White Sands National Monument was established in 1933 to protect the area’s vast field of gypsum sand dunes. At 275 square miles, White Sands is the largest gypsum dunefield on earth. The new law includes a few key changes to the boundaries of the preserve, which is surrounded by White Sands Missile Range and Holloman Air Force Base.
According to documents released by Senator Heinrich, 5,766 acres of land currently managed by the U.S. Army will be transferred to National Park Service management and added to the park. Another 2,826 acres within the preserve’s current boundaries that are not managed by the NPS will be moved to Parks Service jurisdiction, too. In return, 3,737 acres managed by the NPS will be handed over to the Army. The land swap has been a long time coming: The Army and the NPS have been working on it since the 1970s.

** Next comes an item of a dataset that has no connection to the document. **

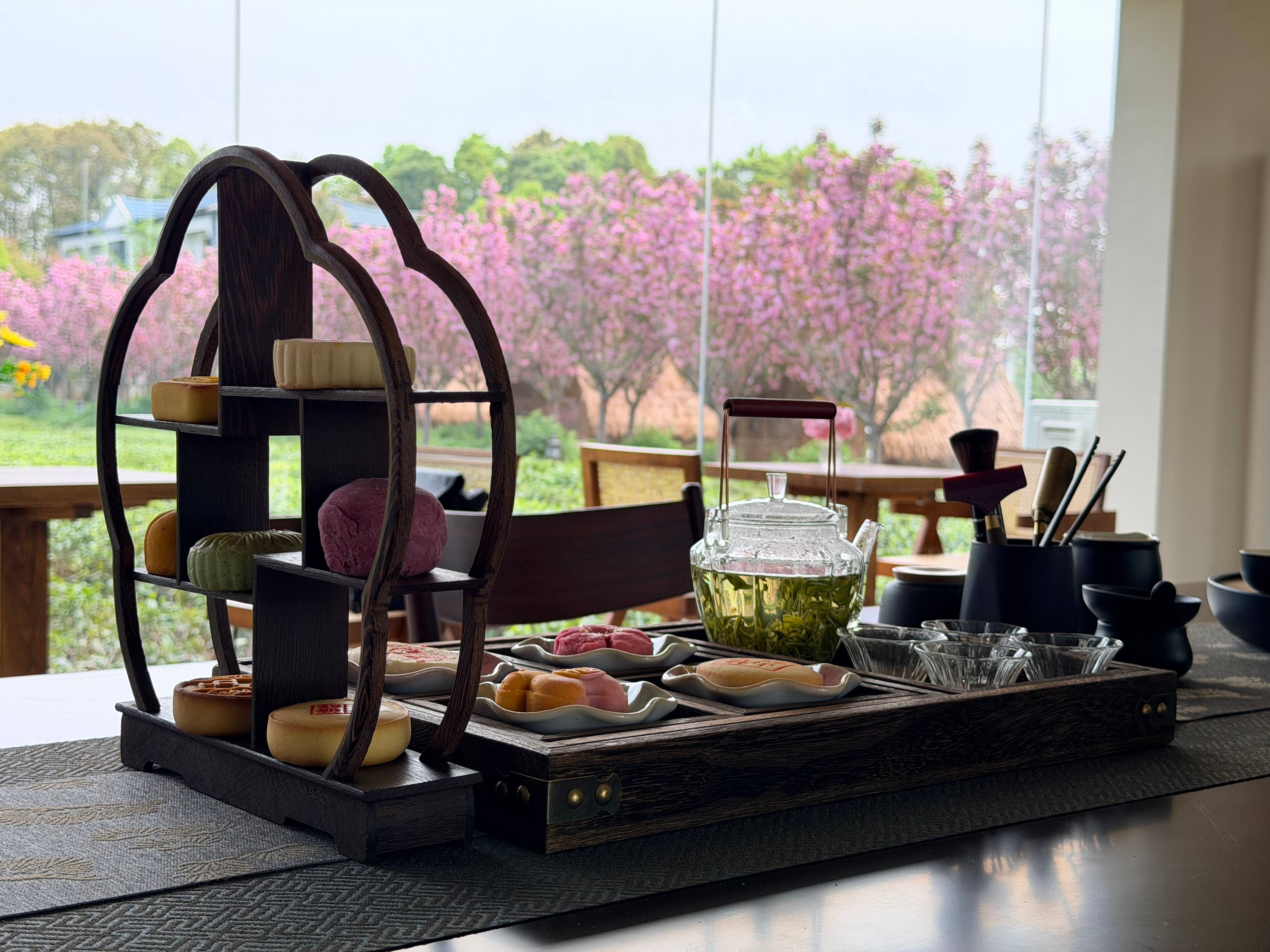 从奢侈品陈列师到茶园主理人,胡静将对极致美学的“细节控”带到了这片乡土。“可能是以前的工作把眼光养高了,”她笑着说,“林荫道、樱花道、木板路,必须整整齐齐。”园中每一处木作,都坚持由本地木匠手工打造。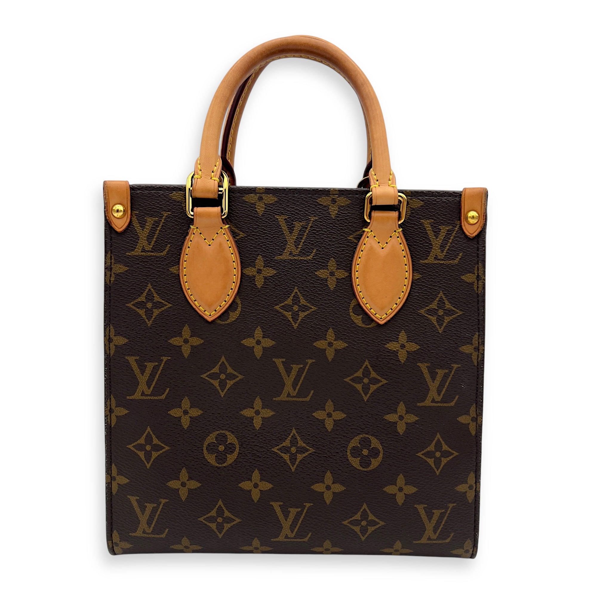 Bags Louis Vuitton Sac Plat Top Handle Bag BB Brown in Monogram Coated Canvas, Gold hardware Good Condition Brown Top Handle Bag Women Lady Girl

The preserve has seen an uptick in visitors in the past few years. White Sands hosts more visitors than any other NPS-managed site in New Mexico: over 500,000 people on average each year, according to a press release from Senator Heinrich and Representative Torres Small. In 2018, over 600,000 people visited the monument, generating $32.2 million in spending for the local economy. By designating White Sands as a national park, the lawmakers and local advocates aim to bring even more people and tourism dollars to the area.
“We now have the potential to make it an economic powerhouse in southern New Mexico,” Torres Small said in a statement.
Last year, a study found that upgrading White Sands to a national park could increase visitors by 21 percent, and net up to $7.5 million in additional spending in the local economy each year.
For people looking to explore the area, however, not much will change. White Sands is already managed by the NPS, and entrance fees and access will remain the same once it becomes a national park. But the new name might help clear up some confusion for people traveling to the area.
“I often heard ‘I thought White Sands was a national park,’” New Mexico State Senator Ron Griggs said in a statement. “I guess I won’t hear that anymore.”